Leer requiere tiempo del que no se dispone y esfuerzos temerarios... ¡O eso parece! Los ciudadanos españoles nacidos en los años cuarenta y cincuenta (quienes cumplieron los veinte en las décadas de 1960 y 1970) protagonizaron una revolución cultural en uno de los peores escenarios posibles: Leer más. Hábito que por aquel entonces era mal visto, suscitaba sospechas y estaba controlado.
Pero esa dinámica, ese afán más o menos generalizado por saber, se rompió. Fue un cambio lento, casi impercentible, pues ese tipo de tendencias no mudan de la noche a la mañana. Del querer saber, vigente hasta los primeros años ochenta, se pasó a un creciente hedonismo o comodidad cultural.
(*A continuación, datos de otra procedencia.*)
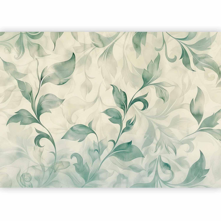 Wall Mural - Watercolor Botanical Motif Delicate Green-Beige Leaves

A propósito de la virtud de leer, Félix de Azúa, poeta vocacional y filósofo de formación, ha publicado en El periódico un texto en el que alude a la actualidad para, enraizando su racionamiento en ciertos simplismos mediáticos, escribir:
"Mientras los modelos de conducta se construyeron con urdimbre literaria, la estructura moral del personaje imitado estaba garantizada. La lectura da forma a la experiencia, pero le añade reflexión propia y autónoma. La imagen, no. Por eso la lectura no es una actividad técnica superada, sino una de las fuentes del aprendizaje más reprimida por unas élites que desprecian la inteligencia. Recomiendo, sobre todo a los maestros, la lectura de ¿Para qué sirve la literatura?, de Antoine Compagnon (editorial Acantilado), si quieren recuperar un poco de fe en sí mismos. Es ventajoso proteger al cachalote bizco y a la rana lunera, pero si tuviéramos un Gobierno medianamente sensato, financiaría una oenegé que extendiera la lectura por este desolado país. Con que picaran cien al año, estábamos salvados".